All this would suggest caution when it comes to advertising Comirnaty. But many working in pharmaceutical marketing believe the company will spare no efforts to promote the drug to the fullest possible extent.

Markus Saba, a healthcare marketing professor at the University of North Carolina at Chapel Hill, said he expects the campaign for Cominarty will be on a scale proportional to the once-in-a-century size of the health issue, comparing it to the prominence of campaigns for Viagra. “You turn on the TV and you can’t watch a show without 10 different commercials coming on,” he told the Financial Times.

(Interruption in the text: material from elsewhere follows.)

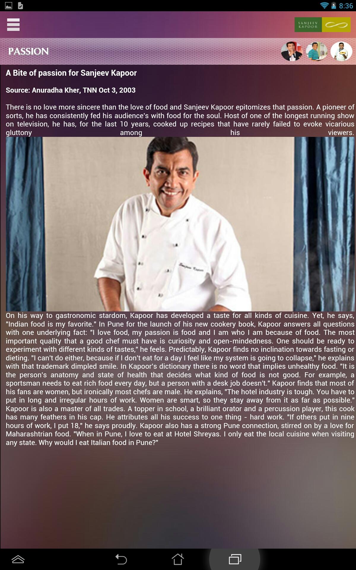 3. Articles on Sanjeev Kapoor’s passion, inspiration and interviews

But although direct-to-consumer ads are the most visible part of the marketing effort, an equally—if not more—important area of promotion, and one with fewer risk, is reaching hospitals, doctors, and pharmacies. Unlike the first immunization campaign, booster shots will probably be administered in the same way flu shots are, via the doctor, or the pharmacy. So it will be essential for Pfizer to convince those who will prescribe or administer the vaccine to recommend Pfizer over Moderna, or other options. “If it defaults into the traditional ‘go to your doctor and get the shot’ then [the game] is not going to be played on-air or in the pages of a magazine, but in the doctor’s office,” says Chintagunta.

There is, however, one important way in which Pfizer’s direct-to-consumer advertisement might be helpful, not only to the company, but to the overall vaccine drive. If its resources were turned toward fine-grained targeted advertising, it might be able to move the needle of vaccine skepticism in groups that haven’t been responsive to government campaigns and other forms of vaccine promotion, such as young adults or immigrant communities. “This is the place where they can flex their marketing muscle, I think the benefit of targeted advertising can really manifest itself in this particular case,” says Chintagunta.